How to complete this task:
Your answer should consist only of the records, copied exactly, with the images removed.
- Opening Delimiter -
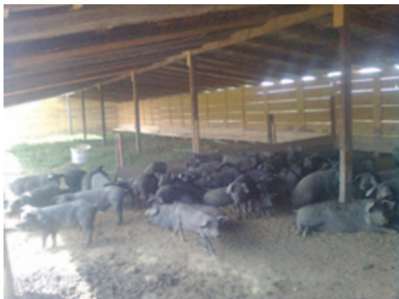
Figure 3: Facilities for sows and gilts.

The floor should be covered with litter. Animals are fed in troughs or on the ground, while the drinking water can be supplied by different waterers or water wells. Farrowing units consist of farrowing pens with size 6 m × 1.5 m. Piglets stay with a nursing sow for 7 weeks before weaned. At weaning, sows return into groups for mating. Weaners are kept in a separate unit in groups. Facilities should be fenced with wire mesh to 100 cm in height or with an electric shepherd. Fattening lasts up to the age of 1.5 years when pigs weigh between 130–150 kg.
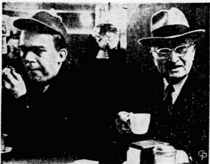
STOPPING AT DRUG STORE for coffee during early walk in New York, ex-President Harry S. Truman sits next to unidentified man who is more interested in his food than in flurry of activity surrounding Mr. Truman.

Sense of Orderliness Dwight David Eisenhower, after his many years in the relative formality of military life has an unusually pressing sense of orderliness, a form of emotional compartmentation.
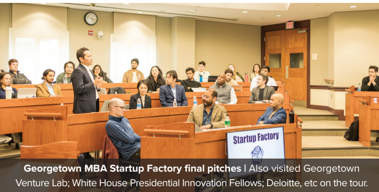
Georgetown MBA Startup Factory final pitches | Also visited Georgetown Venture Lab; White House Presidential Innovation Fellows; Deloitte, etc on the tour.

Halcyon+DC Tour for Phoenixi Fellows to take a glimpse into the US Capital startup ecosystem | 3 alumni visited 8 organizations driving impact businesses and attended 12 events over the course of 5 days (March 2024).
- Closing Delimiter -
Exercise result:
Figure 3: Facilities for sows and gilts.

The floor should be covered with litter. Animals are fed in troughs or on the ground, while the drinking water can be supplied by different waterers or water wells. Farrowing units consist of farrowing pens with size 6 m × 1.5 m. Piglets stay with a nursing sow for 7 weeks before weaned. At weaning, sows return into groups for mating. Weaners are kept in a separate unit in groups. Facilities should be fenced with wire mesh to 100 cm in height or with an electric shepherd. Fattening lasts up to the age of 1.5 years when pigs weigh between 130–150 kg.
STOPPING AT DRUG STORE for coffee during early walk in New York, ex-President Harry S. Truman sits next to unidentified man who is more interested in his food than in flurry of activity surrounding Mr. Truman.

Sense of Orderliness Dwight David Eisenhower, after his many years in the relative formality of military life has an unusually pressing sense of orderliness, a form of emotional compartmentation.
Georgetown MBA Startup Factory final pitches | Also visited Georgetown Venture Lab; White House Presidential Innovation Fellows; Deloitte, etc on the tour.

Halcyon+DC Tour for Phoenixi Fellows to take a glimpse into the US Capital startup ecosystem | 3 alumni visited 8 organizations driving impact businesses and attended 12 events over the course of 5 days (March 2024).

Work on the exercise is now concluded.